Sunday, September 21, 2008

Hisss Master's Vice

I ignored his shenanigans, as long as he stuck his tongue out at me from behind the thickets. But when the slimy little creep paid a domiciliary visit to my domain and parked himself in my parlour claiming tenancy rights, I pressed the panic button. And the squatter was beyond the long arm of the law since he belonged to the slippery class of reptilians, or, simply put, he was a snake.
So, things came to a head when I was jolted out of my bed by the bedlam that had broken out at home. A creepy-crawly had made his maiden guest appearance at my house and holed up under a sofa attracting an assembly of nosy couch potatoes from our vicinity who were debating on the pedigree of the colubrine caller. While there was' a broad consensus about the NRI (non-resident intruder) being a rat-snake, one Robin Hood in our neighborhood testified that he distinctly saw the snake's hood. And when my appeal to the enlightened conclave of self-styled ophiologists to ‘do a Whitaker' on the snake found few takers, I signed up a professional snake-catcher to evict the errant tenant.
The snake-catcher, a stern looking chap purportedly endowed with a 'garuda rekha' ( a line) on his palm that could urge the most belligerent among the snakes to throw in the towel without much hiss, came with his paraphernalia consisting of a stick and a gunny sack. He opened the proceedings by giving the snake a piece of his mind in a strange 'hiss-panic' tongue - or rather, while he hissed at his quarry, the snake panicked. After a while, unable to defy his marching orders, the reptile dutifully ducked into the sack.
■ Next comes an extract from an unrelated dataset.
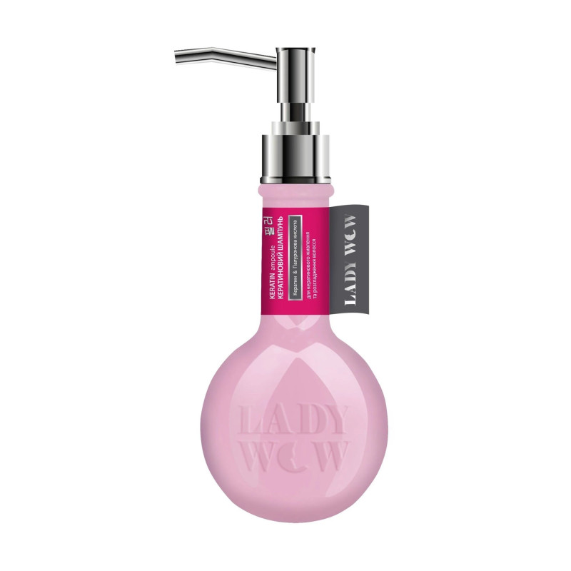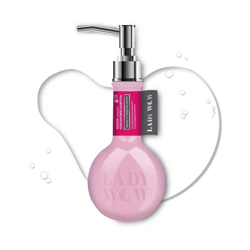 Кератиновый шампунь Lady Wow Keratin Ampoule предназначен для эффективного очищения, увлажнения и восстановления волос, сочетая в себе активные моющие компоненты и уходовые вещества. Его формула направлена не только на удаление загрязнений, но и на поддержание здоровья волос, его крепости и природного блеска.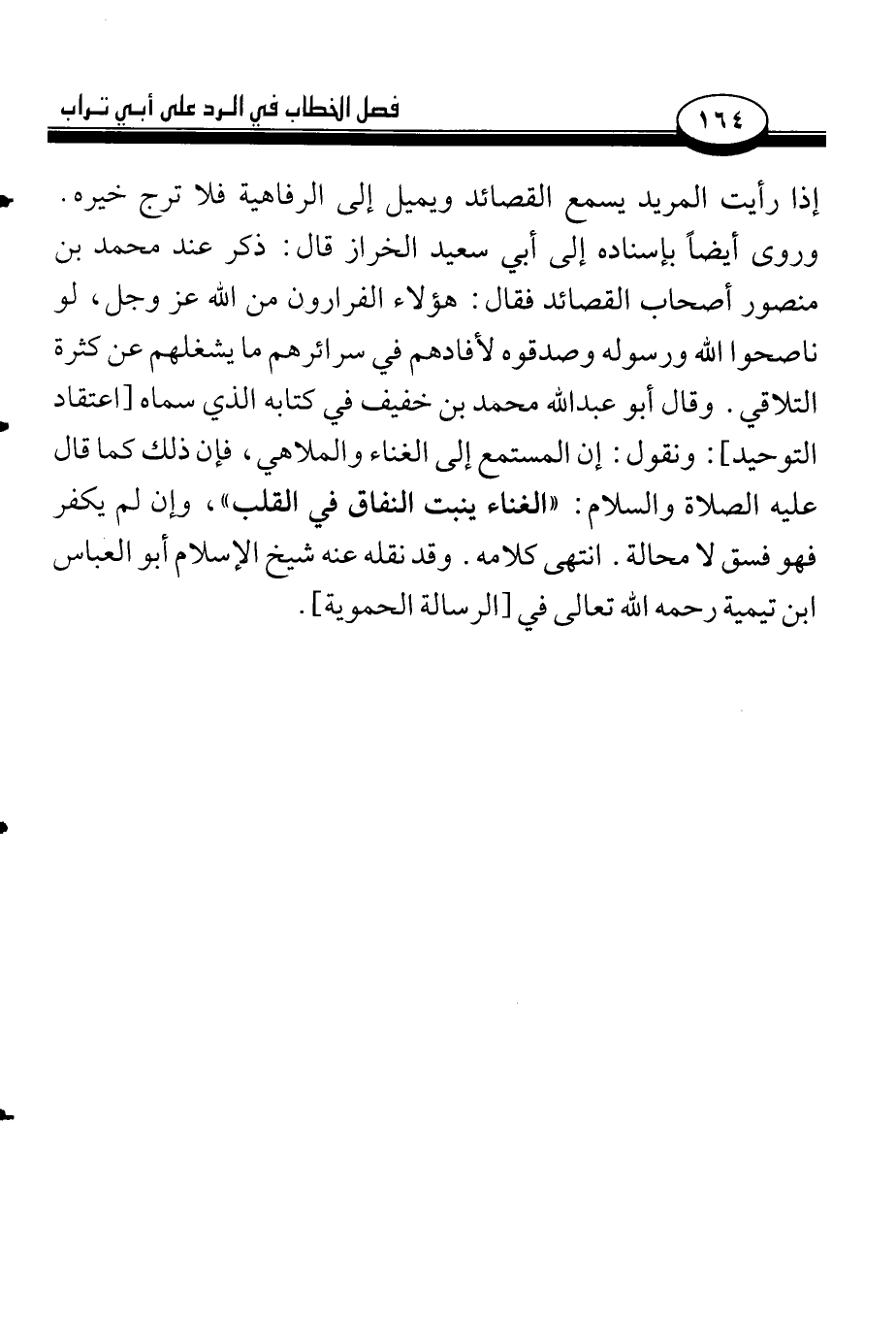 إذا رأيت المريد يسمع القصائد ويميل إلى الرفاهية فلا ترج خيره. وروى أيضاً بإسناده إلى أبي سعيد الخراز قال: ذكر عند محمد بن منصور أصحاب القصائد فقال: هؤلاء الفرارون من الله عز وجل، لو ناصحوا الله ورسوله وصدقوه لأفادهم في سرائرهم ما يشغلهم عن كثرة التلاقي. وقال أبو عبد الله محمد بن خفيف في كتابه الذي سماه [اعتقاد التوحيد]: ونقول: إن المستمع إلى الغناء والملاهي، فإن ذلك كما قال عليه الصلاة والسلام: «الغناء ينبت النفاق في القلب»، وإن لم يكفر فهو فسق لا محالة. انتهى كلامه. وقد نقله عنه شيخ الإسلام أبو العباس ابن تيمية رحمه الله تعالى في [الرسالة الحموية].

And having picked up his cargo, the snake-catcher left richer by a hundred rupees.
Within weeks, the serpent resurfaced on my domestic stage as if to take his curtain-call. And then again after sometime to give an enthusiastic encore. Then he went on to showcase his hisstrionics almost on a monthly basis keeping the snake-catcher's hands (and his wallet) full.
The proverbial light at the end of the tunnel came when a friend tipped me off about the snake-catcher who, it seemed, was a confidence trickster adept at turning his gullible clients into milch-cows by periodically planting the snakes in their premises. It was a case of recycled reptile catered to a renewable clientele.
The last time the snake popped in for a snooze, I let him unwind in peace and then find his way out into the thickets whence he came. Nowadays, whenever our paths cross, I give him the right of way. He sticks his tongue out at me as he passes on and I thumb my nose at him. And the rest, as they say, is hiss-story.

Image Courtesy: http://www.illustrationsof.com/


1 comment:

Unknown said...

Mr. Jagdish,

This one is cool. I hope the hissing problem did not occur again after you moved to Bangalore.